Americans today are faced with a major decision about whether to "stay the course" in Iraq, or pull out with the least cost to our troops and damage to U.S. credibility. George Bush says we must see the job through because a democratic Iraq is the key to all our other interests in the Middle East, including access to Persian Gulf oil. John Kerry says that the cost of the war and occupation of Iraq is too high, that the Bush administration exaggerated the danger we faced from Saddam Hussein, and that he would enlist the help of our allies in ending the occupation.

There are valid arguments on both sides and some spurious ones.

Bush is right that Saddam Hussein was a dangerous dictator who sought to acquire nuclear weapons and undercut American influence in the Arab world, especially access to its oil.

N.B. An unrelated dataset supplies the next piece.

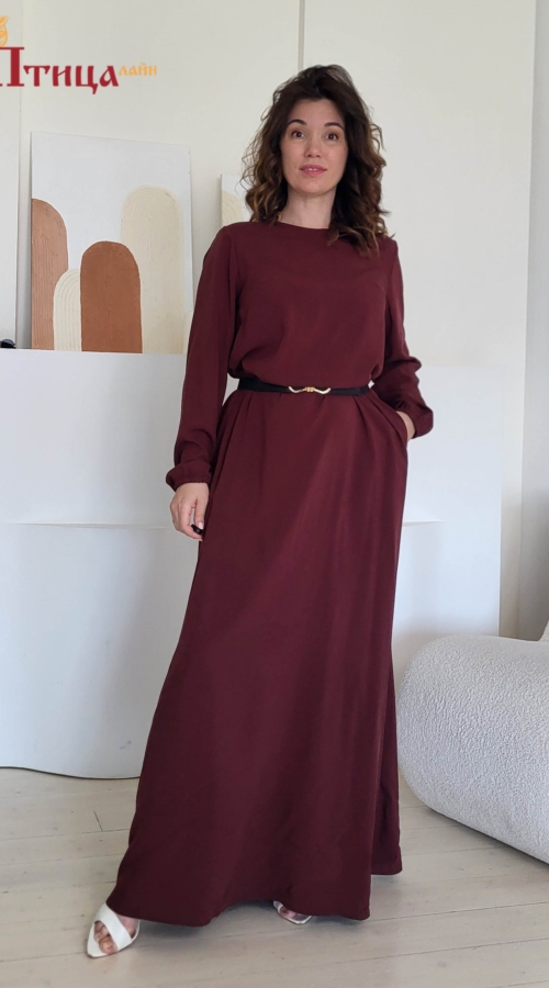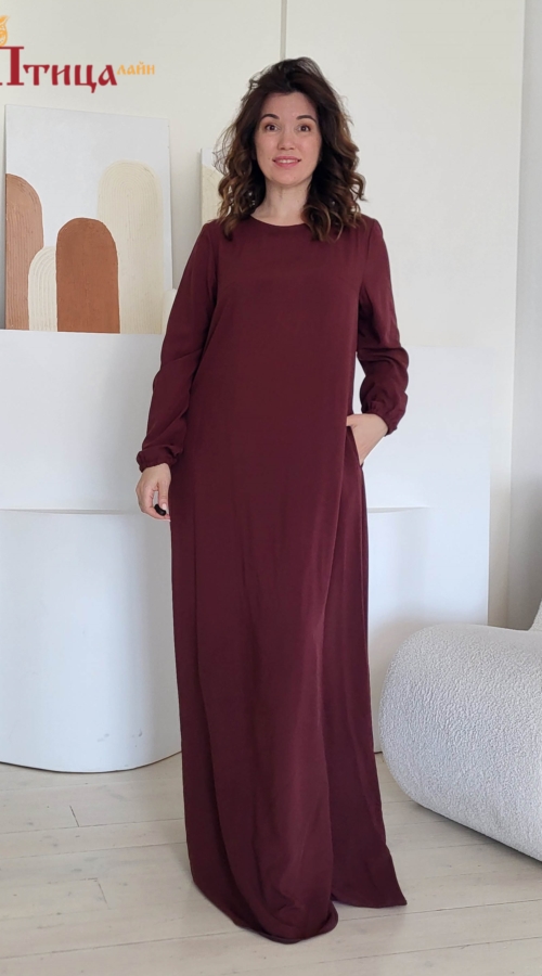 Платье вечернее «Свежий ветер» трапециевидного силуэта с боковыми карманами. Втачной, длинный рукав, прямой, не зауженный на резиночки. Застежка по спинке на пуговицу. Элегантный силуэт. Данное платье прекра...
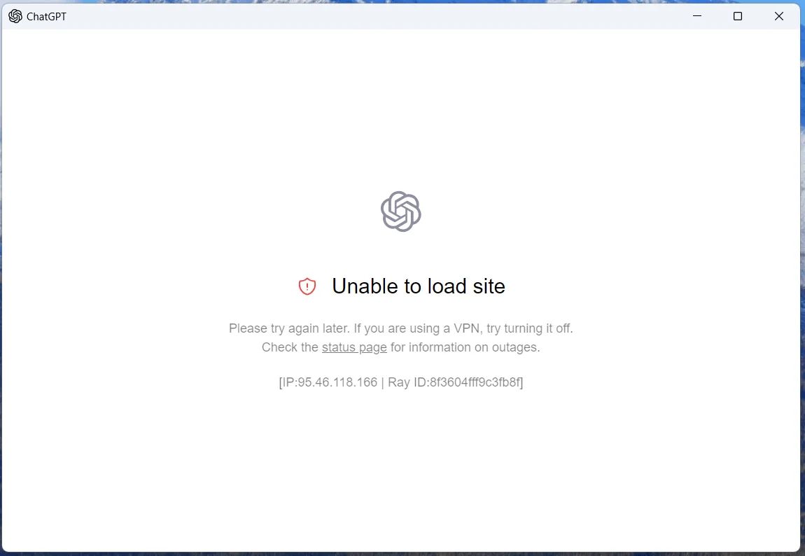 Чтобы пользоваться чат-ботом, обязательно смените IP-адрес на иностранный. Если ошибка не исчезает, попробуйте поменять адрес. Система блокирует популярные подменные IP-адреса, поэтому с ними сервис может не работать. Вместо Нидерландов или США поставьте Грузию, Казахстан или Армению.

He also maintains that a democratic Iraq will stimulate Saudi Arabia, Egypt, Syria, and Iran to open up their authoritarian systems to representative government. He is being optimistic, however, if he believes that this process will bear real results any time soon.

Kerry is right to claim that the costs of invasion and occupation of Iraq are far greater than the Pentagon in 2002 led Congress and the public to believe. More than one thousand Americans dead and nearly 8,000 wounded is already too high a price for this war, in the opinion of many Americans. Many also think the financial cost, some $120 billion and rising (Kerry's figure is $200 billion) is more than the United States should pay for Bush's failed policy.

But Kerry is wrong to claim, as he did in his TV debate with Bush on September 30, that he can persuade America's allies to help out with financing Iraq's reconstruction and assist its government to restore security. Most European allies, including France and Germany, are not willing to spend significant amounts of money on Iraq no matter who is president, nor are they prepared to give major assistance to train Iraq's new police and military forces.

Similarly, none of the Arab countries is willing to send assistance, as they did in the Gulf War in 1991, until Washington exerts real pressure on Israel to stop enlarging settlements in the West Bank at the expense of Palestinians and until it withdraws fully from the Gaza area and most of the West Bank. Would President Bush or a President Kerry be willing to do that in order to obtain help from Saudi Arabia and other Arab states?

The reality of America's position in Iraq today is that there is no easy way out, unless we are willing to say: "We don't have any vital interests in the Middle East worth fighting for." In that case, Americans had better get used to a new quality of life that involves far more expensive oil and a consequent steep rise in the cost of living.

John Kerry says that the war in Iraq was a diversion from the war on terrorism and a step backward from our responsibilities in Afghanistan. Yet, he says, he would start pulling troops out of Iraq in six months and have them all out in four years. George Bush puts no time limit on the U.S. troop presence, although Donald Rumsfeld says some could be withdraw next year.

Kerry, it seems to me, is closer to Howard Dean in his thinking about extricating our troops from a bad situation than he is to George Bush's view that we have vital interests in Iraq and cannot leave quickly without incurring serious consequences. The country paid a heavy price in the 1970s for a humiliating withdrawal from Vietnam, and as the world's only superpower we need to avoid a similar potential debacle this time.

The November 2 election will not be decided solely on foreign policy issues, but the September 30 presidential debate clarifies the choice voters have about how the two men will deal with Iraq, North Korea, and the United Nations. Possibly the sharpest divergence in foreign policy between Bush and Kerry is how much weight the president should give to the views of other governments when deciding U.S. national security policy. The choice is clearer than before.